Atem set down his coffee cup in exasperation.
"You're probably the only person who tries to measure a king's smile scientifically."
"If I can't measure it, I'll simply report it as a phenomenon."
"You'd write illumination increase due to king's smile in the report?"
"Factor in world stability: subjective happiness. That's what I'd write."
Atem started to speak, then laughed and shook his head.
"…Your reasoning is sometimes too sweet. It's a problem."
"It's more logical than sugar."
"Don't get flustered using logic."
Seto touched the rim of his glass and said, quietly:
"Being interfered with by the sound of your laughter—it's not bad."
Atem looked down for a moment and steadied his breath.

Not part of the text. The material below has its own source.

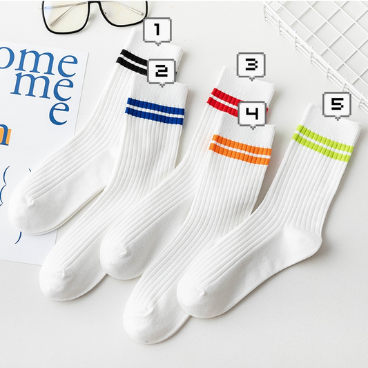 White Vintage Sports Style Stripe Crew Socks (5 Colours)

"Then tonight I'll add more data."
"As an experiment?"
"As personal interest."
A soft silence moved between them. Outside the window, the skies of the afterlife and the living world overlapped. There was no longer a boundary in either direction.
The king of the afterlife and the scientist of the living world. Living in the same house, analyzing each other—bound not by logic or magic, but by understanding.
The scent of coffee. The faint startup sound of a terminal.
Today, again, their daily life began.